TL;DR – Well, if ugly crying in the cinema surrounded by people ugly crying in a cinema is a recommendation for you, then here it is.     

Rating: 3.5 out of 5.

Post-Credit Scene – There is a mid-credit scene

Disclosure – I was invited to a press screening of this film.

A bubble being blown.

Spoiler Alert Review

I am someone who does not mind a good cry in the cinemas. It can be cathartic and shows that the filmmakers have connected with you on an emotional level. However, there is a difference between having a good cry and being so emotionally devastated that you are ugly crying in a room full of strangers. And when I say ugly cry, I mean ugly. Well, today, we are looking at a film that did just that.

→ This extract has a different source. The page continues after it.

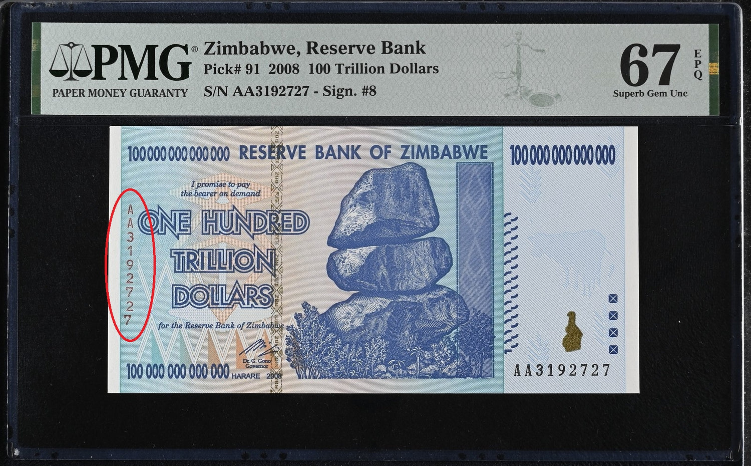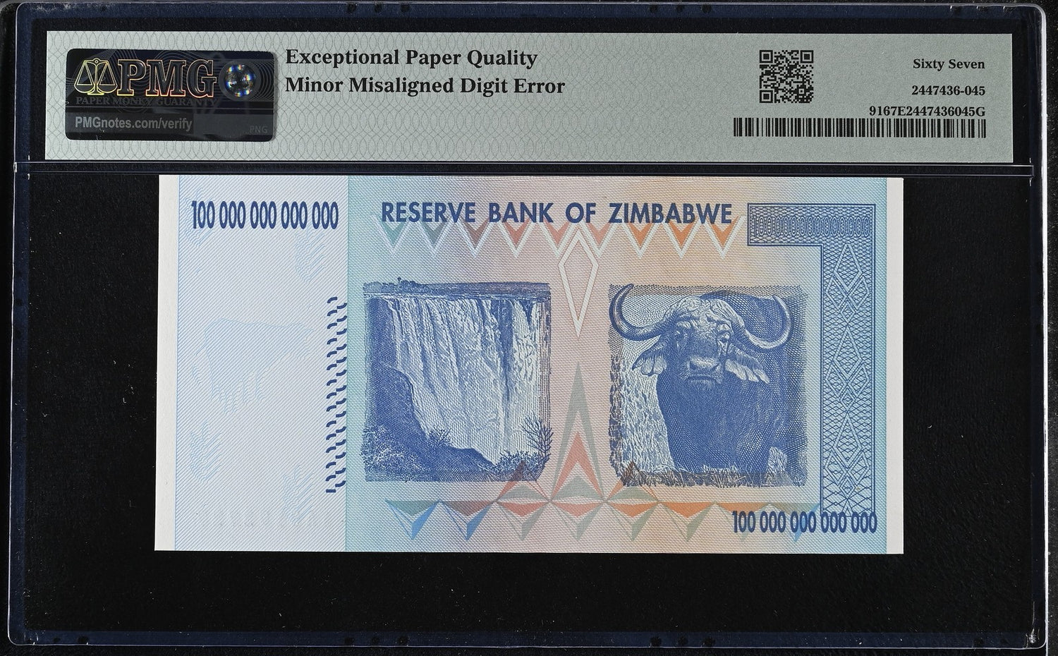 Zimbabwe 100 Trillion Dollars 2008 P 91 Superb Gem UNC PMG 67 EPQ Misaligned ERROR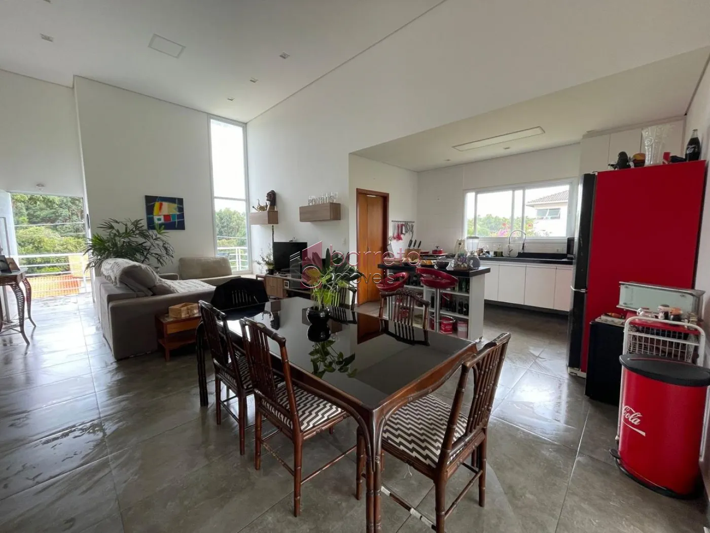 – Sala de estar e jantar conjugadas, com pé direito alto;

So to set the scene, Michael Ausiello (Jim Parsons) focuses his life on his work, like ranking all the Gilmore Girls from Best to Rory [which like fair]. But one night, after being dragged out to a club, he spots a man across the dance floor that smiles at him, so he waves back. Actually, Kit Cowan (Ben Aldridge) was smiling at his friend Nina (Nikki M. James) at the bar, but he took up the bait. It is the perfect meet-cute, bar the fact that, spoiler alert, we know from the start that this relationship is destined for tragedy.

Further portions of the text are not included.